GERD is a digestive condition that occurs when stomach acid flows into the esophagus. This usually occurs due to a muscle problem and the most common way to identify this is the heartburn and the reflux of food and acid. Certain factors like obesity, overeating, and lying down immediately after eating can contribute to GERD.
If left untreated, GERD can either cause or aggravate a wide variety of conditions that affect the extraesophageal structures. A number of pulmonary symptoms and diseases, otolaryngologic (ENT and head and neck) findings and symptoms, and other extraesophageal manifestations, including dental erosion, can occur. Hence, it is important to get GERD diagnosed at the earliest, and the best trigger for that is to know your symptoms.12 Here are some of the symptoms to look out for.

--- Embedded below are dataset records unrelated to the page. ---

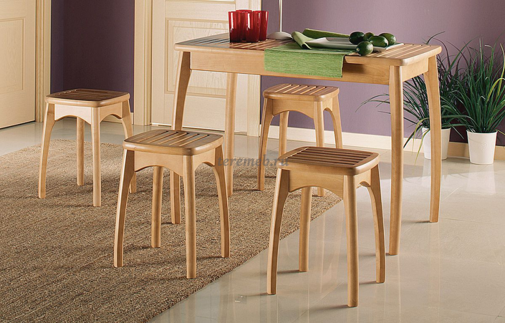 Табурет изготовлен из массива берёзы, покрытый тонированным лаком. Специальная обработка древесины делают эту модель устойчивой к влажности, солнечным лучам и высоким температурам.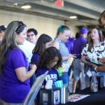 - Family members gather around the Whataburger booth. (Photo by Hannah Park)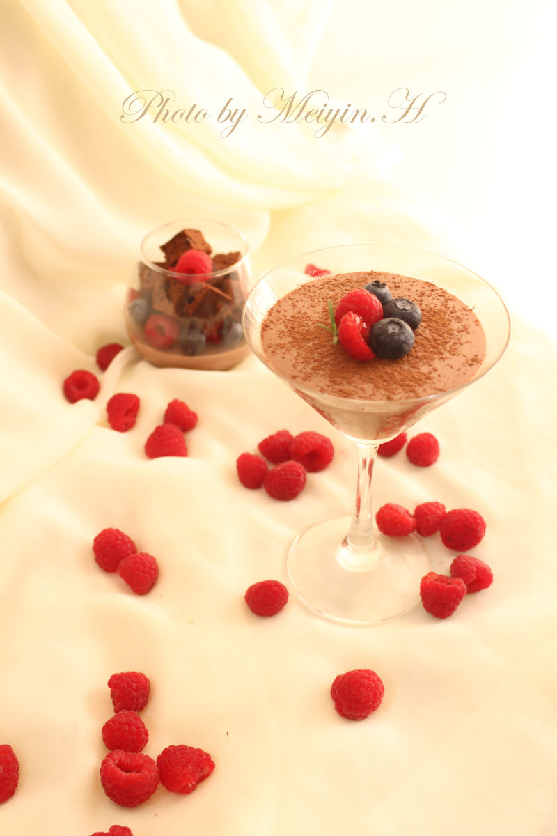 7:慕斯液倒入容器至九分满,放入冰箱冷藏4小时至凝固即可食用。装饰:将配料里的可可粉筛在已经凝固的慕斯表面,再放上篮莓和红树莓即可。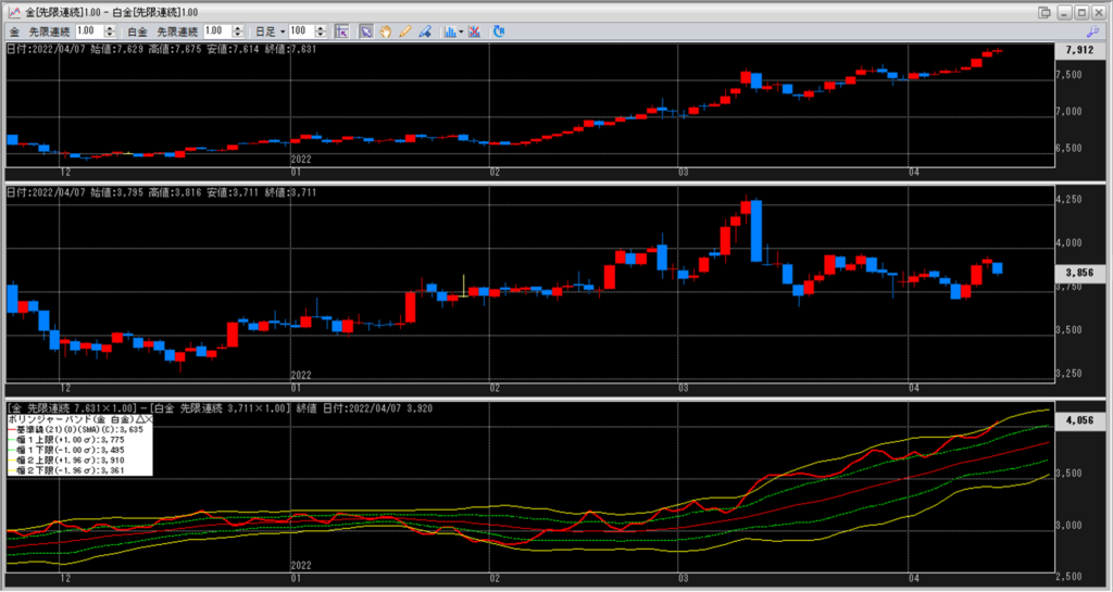 金と白金だけのチャートをそれぞれを見て考えると、鞘拡大しそうには見えます。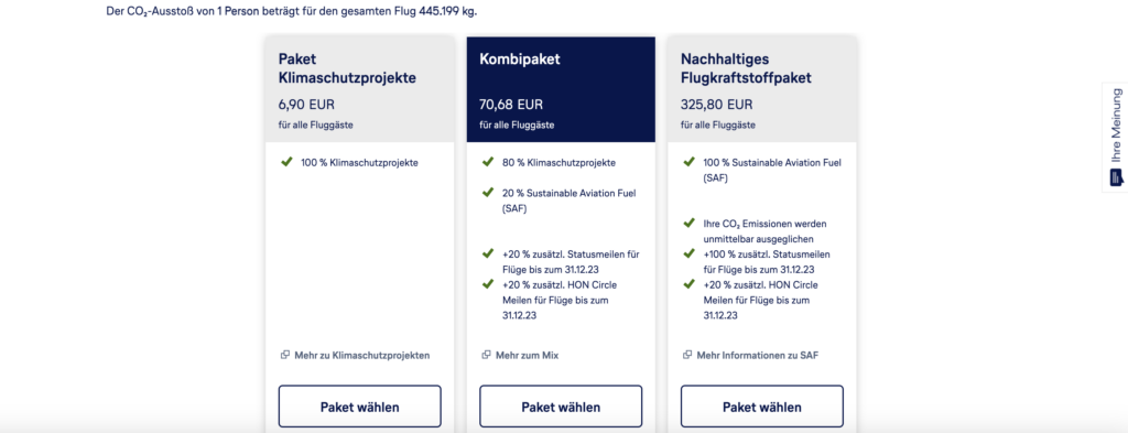 Mit 325 Euro sind die zusätzlichen Statusmeilen auch teuer erkauft, dafür gibt es das gute Gewissen kostenlos dazu.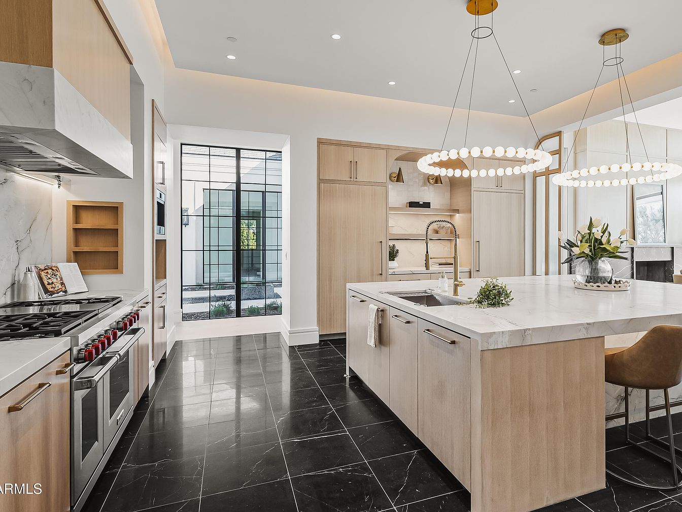 Modern kitchen design with a sleek, open layout featuring light wood cabinetry and a large, elegant island topped with white marble. Two circular pendant lights hang above the island, creating a warm ambiance. High-end stainless steel appliances, including a gas range with red knobs, offer a professional touch. Black tile flooring adds a striking contrast to the light cabinetry. A large window allows natural light to flood the space, while providing a view of the outdoor garden. Minimalistic design elements enhance the spacious feel, making it both functional and visually appealing. Perfect for culinary creativity.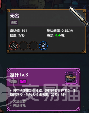 选择狴犴套装后,角色将自动获得一把专属法杖“无名”,该法杖内置两个关键法术:“狴犴飞剑”与“审判”。这两个技能构成该流派的主要输出手段,无需额外获取或升级,开局即具备基础战斗能力。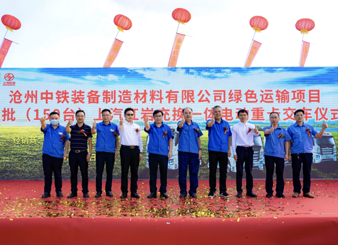 自2009年以来,沧州中铁就与上汽红岩建立起友好合作关系。此前,企业内已有300多辆红岩LNG/柴油自卸车往返于钢厂与货场之间,其可靠性、经济性得到了司机和企业的高度认可。此次钢厂运输绿色转型之际,基于双方深厚的合作基础,以及上汽红岩新能源重卡的技术优势和市场表现,沧州中铁继续选择与上汽红岩牵手,首批采购150辆充换一体纯电动牵引车、自卸车,用于钢卷、矿粉等材料运送。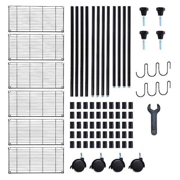 6 Tier Heavy Duty Shelving with Wheels, Hanging Hooks, Wire Shelving, Adjustable Storage Units in Black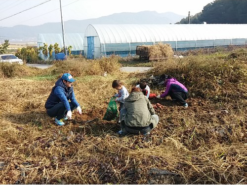 조카들과 가족들이 열심히 고구마를 주워 담고 있네요.

While heartburn might not always be due to GERD, if you feel that you are constantly troubled by it, it is safer to seek a medical opinion. Also, watch out for other symptoms like food reflux, coughing, and breathing problems. A combination of all these may be GERD.
Studies suggest that if heartburn is refractory to treatment, is chronic (beyond 5 years), or accompanied by dysphagia (difficulty in swallowing), odynophagia (pain when swallowing), or bleeding, it should be evaluated by endoscopy. There are also chances of it being malignant and hence requires medical attention.3
2. Chronic Cough
A cough by itself may not be an issue and can be treated with over-the-counter cough syrups at most times. But, if you find that you have a chronic cough along with heartburn or any other symptoms mentioned here for GERD, then it is time to meet your doctor. GERD-associated coughs are prevalent among 10 to 40% of the patient population as per a study.4
Regurgitation occurs when the undigested food from the pharynx or the esophagus comes back up through the mouth. The most common reason for regurgitation in humans is GERD. According to studies with a sample of 1700 responders on various symptoms, 10% of all GERD sufferers have regurgitation as the most common symptom. So, if you find this symptom often, or along with a few other symptoms, then make it a point to fix a doctor’s appointment.5
4. Chest Pain
The most common diagnosis of a severe chest pain is a heart attack. While this is possible, know that GERD also induces chest pain. GERD has been identified as the most common cause of non-cardiac chest pain. For quick diagnosis of GERD and on-time treatment, lookout for the other common symptoms such as heartburn, a bitter taste in the mouth, regurgitation, and cough.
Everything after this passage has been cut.